Saturday, September 02, 2006
5:21 PM
didn't update for don't know how long.never bother to go and count how many days i have no been blogging.many things happen and going on.bad news have lots than good news but i think i can't even find any good news to say?or maybe should i say i'm back to single,nobody control me and i'm just back to myself and gonna study hard for my N's level for now.happy that i pass my prelim for three subjects only.eoa and maths haven't take yet.next monday and tuesday going back to school though is holiday for everyone but those who take N's or O's level have to go back just to take exams.

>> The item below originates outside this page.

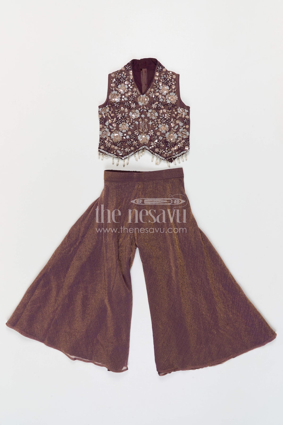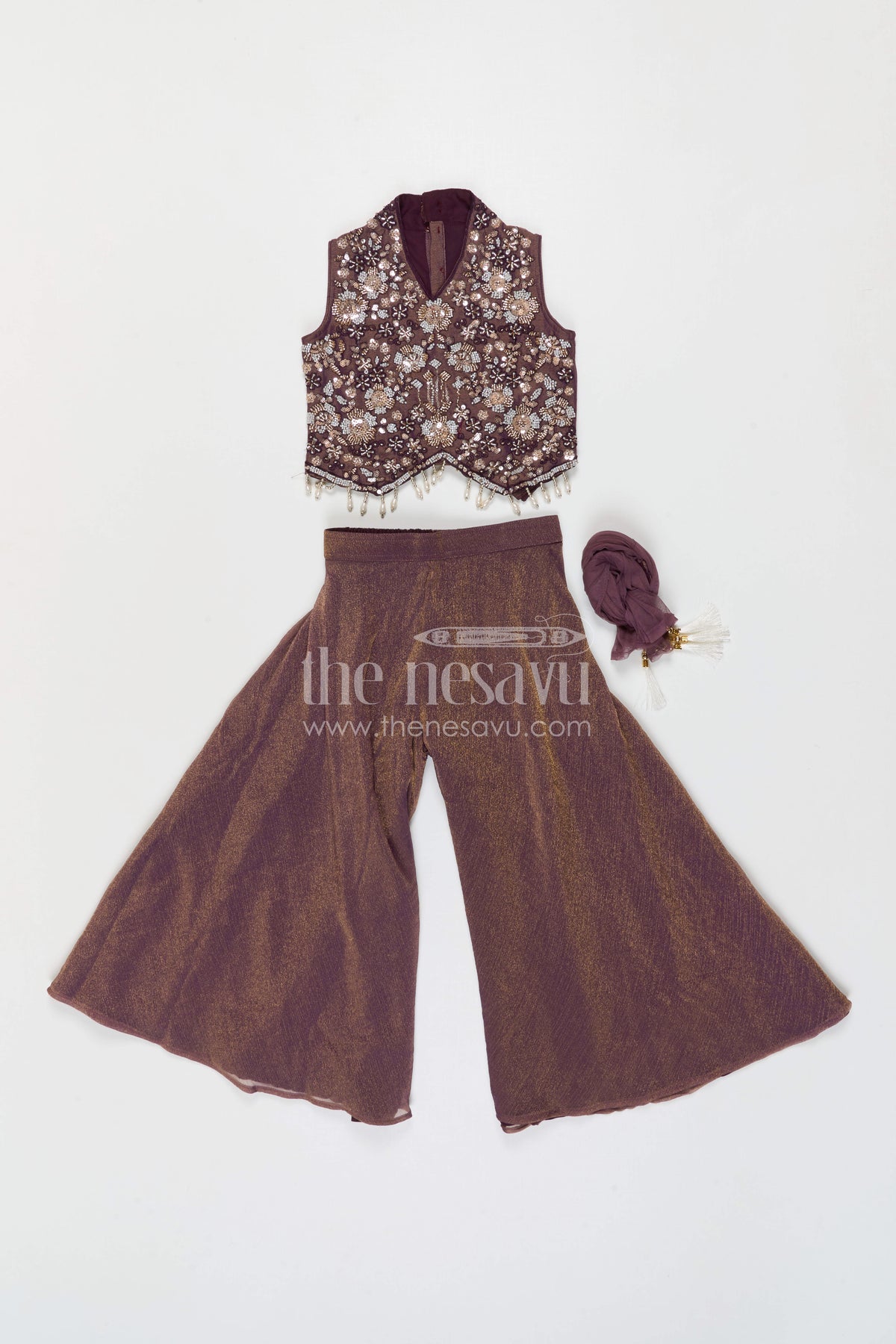 • This girls sharara set for wedding functions is crafted from soft georgette with a detailed designer embroidery yoke

bad news is i break up and alot of unexpected things happen.but i decide and choose this decision so i won't regret for what i have done and decide.i choose to be alone for a moment and wants to be myself.thanks for those people who are always there for me no matter where i am,sad or happy.i appreciate for what you guys have been doing for me and i'm very happy to know you guys as my friends,my love.thanks
long stories to say but i still say it out to those which wants to know and thanks for advice too.is better being alone and being independent.i know i can do it and i believe you can do it too and you will do it well.maybe this is not the time but i believe you will get use to it.whoever you are.i believe you will do it when you really wants to do but don't ever regret for what you have decide and going through.if you really regret there's always still hope and a change for you.but of cause not everything u can decide for yourself.but if somethings you really can change than why not just change it?but somethings really do need times to change it.like me!=]]
i willing to take time being alone and see what to do.but i know now i'm going to be alone and like who i like and study hard for my N's level.other than i shall leave it away.

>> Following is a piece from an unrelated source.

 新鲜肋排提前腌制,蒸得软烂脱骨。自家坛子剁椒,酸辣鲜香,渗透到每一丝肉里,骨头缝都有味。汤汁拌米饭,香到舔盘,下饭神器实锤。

i know i'm torturing alot of people who wants me to give them a chance.but i'm so sorry.especially rayven.what you have done for me i'm very touch.not everything a person can do it.so what i have say to you is not trying to hint you or what.i know that i hurt you by saying i would rather fion to send me to school.but somethings just can't get it right and i'm just stating the fact.if your hearts there,you done it long ago.i didn't blame you for what you never do as the same by what fion did.but i'm still happy that what you have done for me for the past years.i will repay for what i have too.but i guess you get affected by it so maybe i should stop doing those which i shouldn't do and maybe it can make you give up since you want it to be?sometimes i really don't know what to do than is right but i know nobody can do it so well and perfect.sometimes,really feel that i've suffer myself alot because i know what i do,it will happen.stubborn people like me will just makes their life sucks.really think whether know so much things is good anot?feel that being mature is a bad thing.why can't i just be stupid abit and maybe somethings will not happen and i don't have to stress up.
thanks charlotte,ones use to be my dear and everything.but we are over.i know you are trying to turn things better but guess i think i'm making the things bad.i know you are trying you best not to make me frustrated,i guess i'm still frustrated and nothing much change?i don't know whether will i still want to patch anot.i seriously got think not to repeat the same history with the same person because i find that it will only makes tow person suffer if drags for years like my ex and me.both of us are over and guess she's very happy without me in her life and she have a wonderful stead just in her life and is hers.anyway,if patch things maybe gets better but i choose not too because my heart is not yours and no longer just yours.my heart have someone else and i would rather being alone and stay single and don't want to have any stead for now.if i really have any stead,i know i will hurt the person and never give the person happiness and why not just be friends?nobody can predict the future so i can't too!maybe future do let me choose back the same person if not other people?life is just a game and is depends whether how good can be handle it ourselves.love is always just so weird that do makes people happy and hurt.i find that this age no true love?or should i say that i don't know how to handle my relationship.i should say i'm just too flirt why not just being alone?i would rather be with the person with no status maybe in future?i would wants to be faithful?to the someone i like now but no one else?i know i'm unfaithful!or maybe i'm only faithful to who i start to love?i seriously want to have a relationship that is happy and can really last long.maybe i shall decide this frwenly?hahas =x
anyway,i'm strong so those who are worry for me can don't worry for me so much.i'm just who i am and i never do anything foolish.so don't worry and will meet up you guys some other time.i think i going to stay at home just to study hard.i have been slacking since yesterday when i say i going to chiong for my studies.gosh.what am i doing?i shall not use computer and phone much and i really going to study?will update some other time when i'm free.
L0VE Y0U GUYS S0 MUCH AND THANKS T0 TH0SE WHICH L0VE ME S0 MUCH T00.MUACKS =]]*
anyway,thanks for your explaination and sorry for accusing.treating me for who i am.